_MATERIALS PROVIDED_
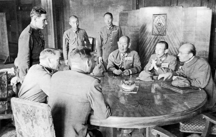 На фото: капитан Петр Титаренко (крайний слева стоит) 19 августа 1945 года в Чаньчуне вместе с делегацией советских парламентеров принимает капитуляцию Квантунской армии
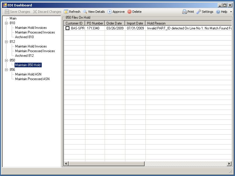 Upon selecting a node you will see the main body of the window updated and the toolbar options will be activated as appropriate.  Here I have selected the "Maintain 850 Hold" node and I can see a single inbound transaction on hold:
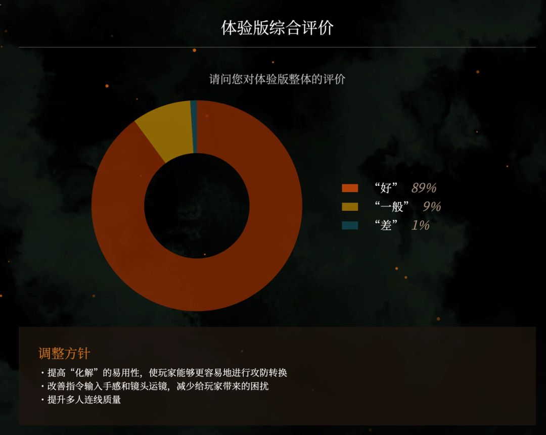 对战斗、画面、音效、关卡配置・难易度、教学关卡、UI、在线多人模式、角色創建等方面的问卷结果可查看以下图片:
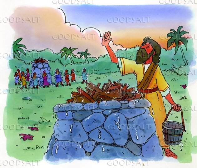 30 Then Elijah said to all the people, “Come near to me.” And all the people came near to him. And he repaired the altar of the LORD that had been thrown down.31 Elijah took twelve stones, according to the number of the tribes of the sons of Jacob, to whom the word of the LORD came, saying, “Israel shall be your name,”32 and with the stones he built an altar in the name of the LORD. And he made a trench about the altar, as great as would contain two seahs of seed.33 And he put the wood in order and cut the bull in pieces and laid it on the wood. And he said, “Fill four jars with water and pour it on the burnt offering and on the wood.”34 And he said, “Do it a second time.” And they did it a second time. And he said, “Do it a third time.” And they did it a third time.35 And the water ran around the altar and filled the trench also with water.36 And at the time of the offering of the oblation, Elijah the prophet came near and said, “O LORD, God of Abraham, Isaac, and Israel, let it be known this day that you are God in Israel, and that I am your servant, and that I have done all these things at your word.37 Answer me, O LORD, answer me, that this people may know that you, O LORD, are God, and that you have turned their hearts back.”
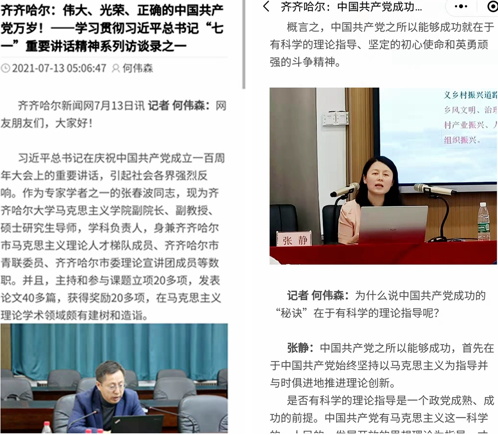 习近平总书记在庆祝中国共产党成立一百周年大会上的重要讲话,全面回顾了我们党100年来团结带领全国各族人民不懈奋斗走过的光辉历程和作出的伟大历史贡献。使广大人民置身于荡气回肠的奋斗过程,感慨所取得震古烁今的伟大成果。这是一份梳理党向历史和人民交出满意答卷的“总结单”,是新时代立足中国实际不断开创马克思主义新境界的“指南针”,是共产党人理想信念精神之钙的“鉴定书”。欧冠马克思主义学院与齐齐哈尔新闻网合作,以专栏形式推出了10篇学习贯彻习近平总书记“七一”重要讲话精神系列访谈,累计阅读达万次。
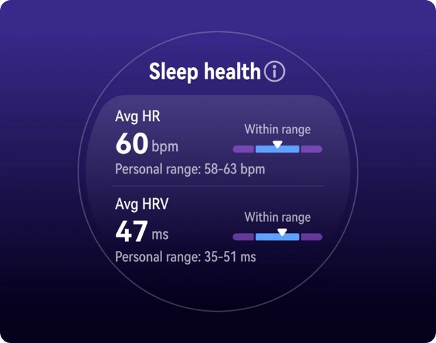 Денонощно наблюдение на умората Следете вариабилността на сърдечната си честота (HRV) през целия ден, което благоприятства управлението на физическото Ви състояние, тренировъчен график и ежедневни навици. | ![]() |

_EXERCISE BRIEF_
Copy out exactly, with no pictures, the lines of the data from the first one through the line bearing "对战斗、画面、音效、关卡配置".

_TASK RESULT_
 На фото: капитан Петр Титаренко (крайний слева стоит) 19 августа 1945 года в Чаньчуне вместе с делегацией советских парламентеров принимает капитуляцию Квантунской армии
 Upon selecting a node you will see the main body of the window updated and the toolbar options will be activated as appropriate.  Here I have selected the "Maintain 850 Hold" node and I can see a single inbound transaction on hold:
 对战斗、画面、音效、关卡配置・难易度、教学关卡、UI、在线多人模式、角色創建等方面的问卷结果可查看以下图片:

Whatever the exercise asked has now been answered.